Using it in production currently with dual-write and dual-read to compare perf. I'll do a write-up showing how Cockroach performs to Citus and Cassandra for my use case.


We use Citus and Memsql (big data analytics use cases). How does Cockroach handle joins and other OLAP style queries?


CockroachDB is not (yet) ready for use on OLAP-style workloads. Our performance work has focused on OLTP workloads so far. That said, we do great on OLTP joins (which is a stressed in the TPC-C workload).


You're not going to get better performance for OLAP than MemSQL's columnstore and in-memory rowstore for reference tables to join.

Citus is great if you want the Postgres interface but is still using standard rowstore tables. CockroachDB is similar with rowstore performance but with added distributed consensus overhead. They are both much better for OLTP and sharding. CockroachDB also provides easy high-availability and replication.

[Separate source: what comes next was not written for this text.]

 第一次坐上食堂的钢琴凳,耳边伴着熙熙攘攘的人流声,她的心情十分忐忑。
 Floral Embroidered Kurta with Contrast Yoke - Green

MemSQL is one of those "ask for a quote" products. What are some rule of thumb estimates for what it costs?


Licensed by total RAM of all nodes. $25k/year minimum license now, but you should still talk to them if you're a small company. Regardless of price, I highly recommend the product as one of the most polished data warehouses available for on-prem/self-managed operations.

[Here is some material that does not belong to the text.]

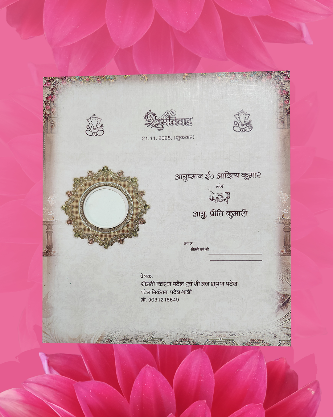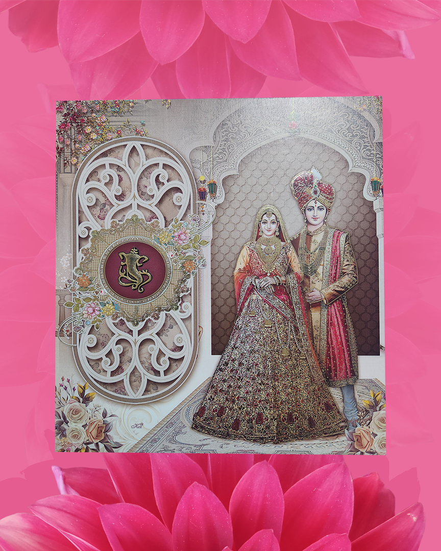 Indian Wedding Hindu Groom Bride Wedding Card With Printing Size : 8.5x9 Inch Price Of cards is included with printing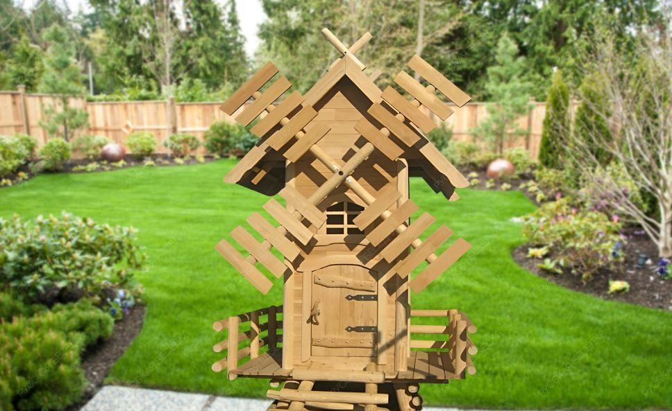 Декоративная мельница из дерева создана для любимого сада, чтобы украсить его и преобразить на радость, а может даже зависть всем окружающим. Наша большая деревянная мельница стоит на площадке, выполненной из березовых бревнышек. Лучшими соседями этого изделия будут красивые многолетники, сочный газон, композиции из камней. Она сделана с человеческий рост и даже выше, значит, ее будет невозможно не заметить даже издалека.

$25K/year/box from previous comments


Yeah this is what we do. Citus is our single source of truth and powers a few interactive apps and admin panels. These sync hourly to our Memsql cluster which is cstore + ref tables and works amazingly.


kdb+?


Sure, but it's far more expensive and not as generally usable as the mysql-flavored MemSQL for common data warehouse scenarios. Performance will be similar but there are differences in functionality like kdb's asof joins that can't really be compared.

kdb+ is much better for numeric/financial analysis apps, especially when used with the integrated query language and interpreter environment.


The statement was that you will not get better performance than memsql, not about which is cheaper.


As written: "Performance will be similar but there are differences in functionality like kdb's asof joins that can't really be compared."

Also the original post only mentioned MemSQL, Citus, and CockroachDB. With those, MemSQL is the fastest.


I'm using MemSQL's columnstore myself and the performance is nothing short of amazing. I migrated from Citus DB to it for OLAP workloads.

But for what reasons are you using Citus as well? Would like to know if I am missing something or hear another perspective.

Can you explain your use case? Thanks


We use clickhouse cluster with 1000 nodes and 50000 GB clickstream data.


That's only 50gb per node. Why do you/Clickhouse need so many nodes?


Maybe some space is dedicated to replication? Or for query execution temp space like Redshift. Or he could be trying to keep everything in memory.


Please post your write-up on HN! I would love to read CockroachDB performing in real world.


Please do, that would be a very popular read I think.


Please do!


Works great, just a tad slow. Hopefully this improves things. Deploying with Kubernetes is pretty seamless as well.